Let’s hope that Secret learns the secret of how to strike the balance between a free-speech haven and a judgment-free, cyberbullying mosh pit.
It’s quite the amusing quandary. We have some (still not enough) interest in anonymity. Yet we then require that things like cyberbullying be dealt with. The only way you can deal with things like that are less anonymity (to some degree or other) and user-based self-administration which ends up creating cliques and arbitrary rules based on who likes you.
At some point the user base needs to grow up a bit. If you want anonymity, you’re probably going to have to deal with anonymous-driven issues in your own anonymous way. Someone is anonymously calling you names on the Secret system? Freakin’ ignore it or adjust your tailored community accordingly. Likewise, you can’t have systems like this and also make it a goal to prevent violence or depression due to it. This isn’t ever going to be Candyland unless you have admininistrative oversight, which digs at the anonymity issue.
Likewise, expecting users to follow written rules and “be nice,” is pretty naive.
(There are also plenty of users who want “conditional” anonymity.

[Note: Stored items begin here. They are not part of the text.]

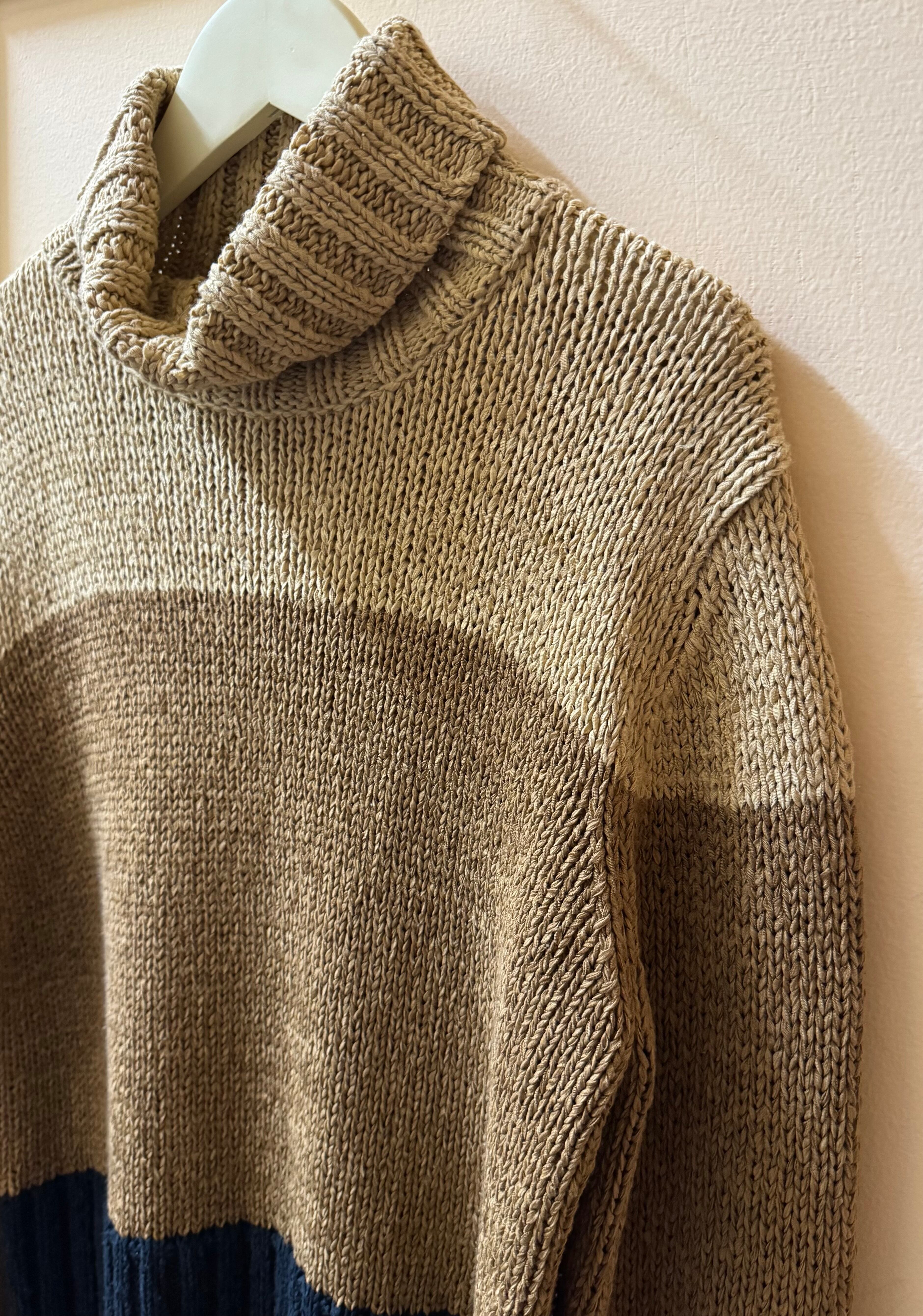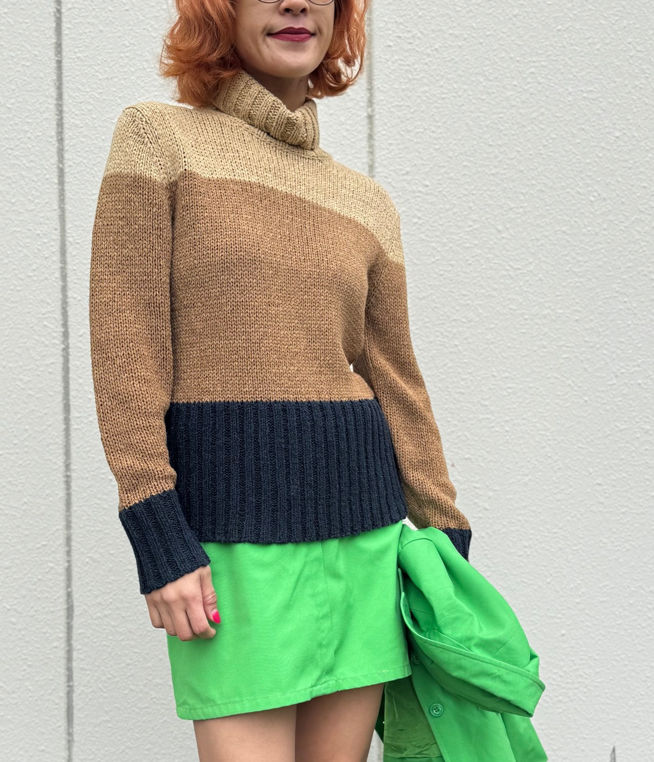 シンプルなタートルニットですが、コーディネートのアクセントになる上質な一枚です。
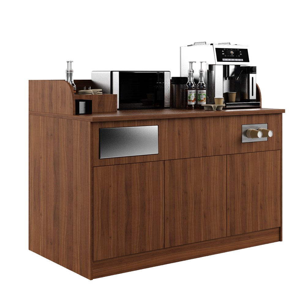 Габариты (ДхШ) : 1500х800мм\; Высота : 1100 мм\; Материал корпуса : ЛДСП толщиной 16 и 25 мм \; Фурнитура : ведущих мировых производителей\; В комплекте : диспенсер для стаканов, люк для мусора\;
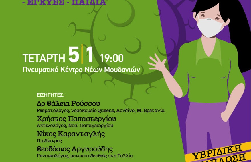 Κορωνοϊός ΤΩΡΑ! Από την Α στην Ο. Εμβολιασμοί, ενήλικες, έγκυες, παιδιά Σας προσκαλούμε στην υβριδική εκδήλωση «Κορωνοϊός Τώρα! Από την Α στην Ο. Εμβολιασμοί, ενήλικες, έγκυες, παιδιά» της Περιφερειακής Οργάνωσης Κεντρικής Μακεδονίας των Οικολόγων ΠΡΑΣΙΝΩΝ, που θα πραγματοποιηθεί την Τετάρτη, 5 Ιανουαρίου 2022 και ώρα 19:00 με 21:00 στο Πνευματικό Κέντρο Νέων Μουδανιών,

They want to be anonymous, but maybe sometimes or with some people not so much. Or maybe they just don’t get it and drop way too much information that they aren’t really anonymous anymore. There should be more discussion amongst kids and newbies online about anonymity. And for the love of all that is good and pure, pick a decent screenname to use online! 🙂 )
What always surprises me about communities like this is how they seem to make this all sound so novel and these issues so new. I mean, we’ve had online forums since before the web. You could be anonymous. You could have some administrative oversight, but otherwise use your ignore feature judiciously. Or just buck up and not internalize people’s negative thoughts towards you.
Maybe we need less control and more ability to grow a thicker skin online? (Nonetheless, there are still lines that end up being crossed which are valid arguments, though they end up in undefined grey areas and slippery slope discussions.)
Maybe some of the issues on sites like Secret could be a way to never actually have persistent content. If someone wants an answer to a question or whatever, maybe they can opt in a discussion to be public or persistent, but everything else falls out of existence after x days or y inactivity. So much about defamation and other things is due to the permanent nature of all of this online data; things like this are said on playgrounds, in bars, and amongst social groups all the time through the course of history, but aren’t such a big deal due to the transient nature of spoken words into the air.
(By the by, being able to call yourself the Secret CEO is probably eternally amusing in itself! Or Secret Tech Support or whatever.)